A package that can be used to find out how well the epitopes in a patient's virus' will be recognized by the HLA's present in the patient.
There are two ways to install EpitopeMatcher:
- Use podman which is a container system build on docker. (this is the easy way)
- Install it into your OS like 'normal' software.
Install podman on your computer: https://podman.io/getting-started/installation
Optionally follow rootless mode instructions if you are a root user and want regular users of your system to be able to run EpitopeMatcher environments securely on their own.
Note: Podman is completely optional if you already have Docker installed. Podman will however take presidence if both are installed.
Clone the EpitopeMatcher repo:
git clone https://github.com/philliplab/EpitopeMatcher
Use the EpitopeMatcher (etm
) script to build the container and serve the shiny app:
cd EpitopeMatcher
./etm -h
./etm build
./etm serve
Big thanks to Dean Kayton (https://github.com/dnk8n) for contributing the container file and etm
script.
Make sure you have a recent version of R. Follow the instructions in the following link to set up the correct repositiory for apt: http://stackoverflow.com/questions/10476713/how-to-upgrade-r-in-ubuntu.
Make sure that both r-base and r-base-dev is installed
sudo apt-get install r-base r-base-dev
Next, install devtools' depedancies with apt-get:
sudo apt-get install libssl-dev libxml2-dev libcurl4-gnutls-dev
Then, from within R, install devtools and the BioConductor dependencies:
install.packages('devtools', repo = 'http://cran.rstudio.com/')
if (!requireNamespace("BiocManager", quietly = TRUE))
install.packages("BiocManager")
BiocManager::install("Biostrings")
Finally install the latest version of shiny and then EpitopeMatcher:
library(devtools)
install_github('rstudio/shiny')
install_github('philliplab/EpitopeMatcher')
To run the web UI:
library(EpitopeMatcher)
run_EpitopeMatcher_app()
To get some test data:
library(EpitopeMatcher)
get_set_of_test_data()
or download it from Test Data
The test data consists of 3 sample files:
- test_patient_hla_genotypes.csv as produced by get_test_patient_hla_data() which contains the details of the patient's HLA genotype.
- test_lanl_hla_data.csv as produced by get_test_lanl_hla_data() which contains the details of the hla genotypes (location in the genome, epitope etc).
- test_query_alignment.fasta as produced by get_test_query_alignment() which contains an alignment of sequences of the patient's quasispecies to HXB2.
To use EpitopeMatcher in an R session, see the help file of these functions:
- read_lanl_hla
- read_patient_hla
- read_query_alignment
- match_epitopes
Docker not available right now: Alternatively it can also be obtained using docker:
match_epitopes()
list_scores_to_compute()
score_all_epitopes()
output_results()
list_scores_to_compute()
matched_patients = match_patient_hla_to_query_alignment()
flat_lanl_hla = flatten_lanl_hla()
build_scoring_jobs(matched_patients, matched_hlas)
build_scoring_jobs(matched_patients, lanl_hla_data)
jobs = NULL
for (mp in matched_patients)
hla_details = get_hla_details(mp$..., lanl_hla_data)
jobs = c(jobs,
.Scoring_Job(hla_genotype,
patients,
hla_details))
score_all_epitopes()
for (job in …)
score_epitope()
score_epitope()
find_epitope_in_ref()
if not found()
log_epitope_not_found()
if found()
get_query_sequences()
align_ref_epitope_to_query_seqs()
log_epitope_found()
- The input data is named and used in this order:
- query_alignment
- patient_hla
- lanl_hla
- The way to refer to a query sequence is by it's full FASTA header.

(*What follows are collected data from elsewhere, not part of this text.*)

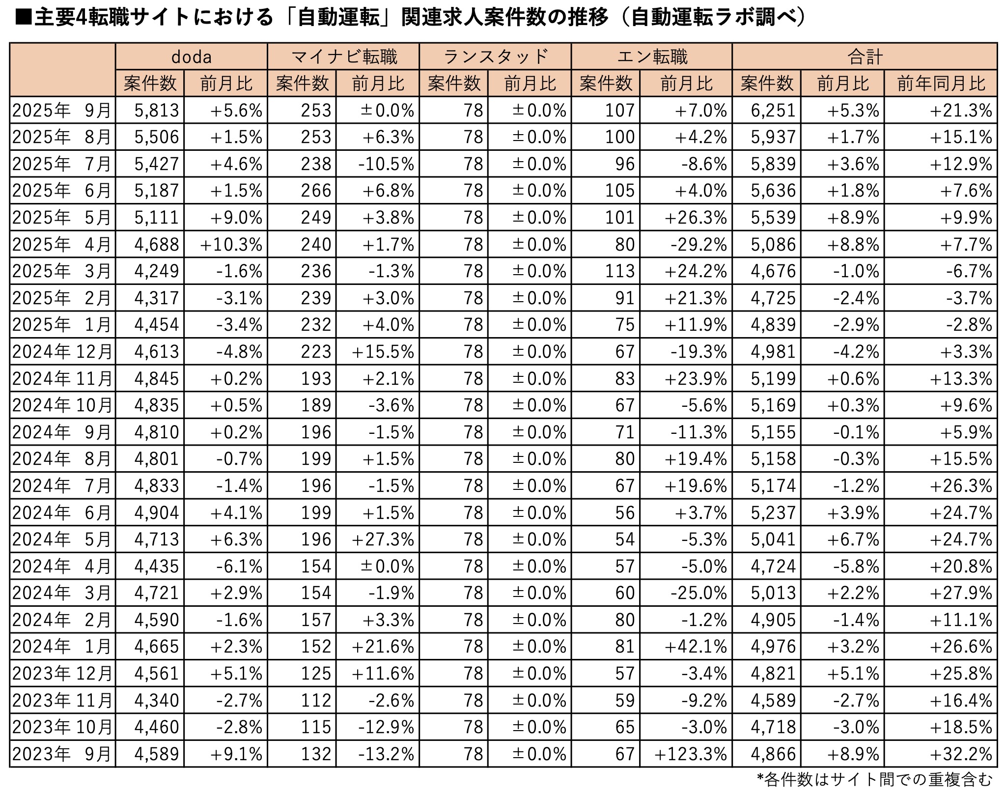 再び過去最高!自動運転求人、前月比5.3%増の6,251件
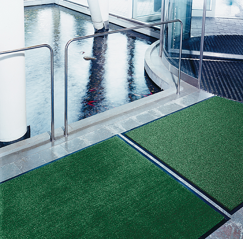 Der Eingangsbereich ist ein wichtiges Aushängeschild für die Unternehmen, denn hier halten sich alle Besucher zumindest für kurze Zeit auf. Eazycare Aqua-Matten von Miltex schaffen die Voraussetzung für einen ersten guten Eindruck. Die voll synthetischen Matten gewährleisten einen sauberen und trockenen Boden und schützen den Belag darunter vor frühzeitiger Abnutzung. Die Olefinfasern der Eazycare Aqua dienen zum Abstreifen der Schuhe und befreien sie zuverlässig vom gröbsten Staub sowie von Matsch und Nässe. Eazycare Aqua nimmt selbst feinsten Schmutz sehr gut auf und besitzt ein fantastisches Aufsaugvermögen.
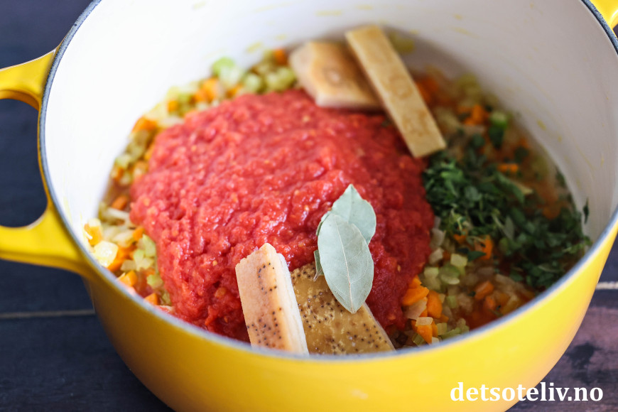 Tilsett hermetiske tomater, grønnsakskraft, hakkede hvitløksfedd, urter og hvitvin. Legg parmesanskalken i gryten (jeg elsker ost og tilsetter som regel flere av dem... 😊).

Not the patient_id extracted from it nor it's position (index) in the alignment.
- Error Logging. Probably not the best design, but it should be good enough. Let each function that should log errors return as output a list with elements: 'msg', 'result', and 'error_logs' where 'error_logs' is again a list each of whom's elements is a data.frame that logs a specific type of error. This design should allow the users to inspect the error logs in EXCEL quite comfortably. A better design might be to produce traditional logs using a standard logging library and then to process those logs at a later stage in easy to analyze formats, but in the short term this is more work.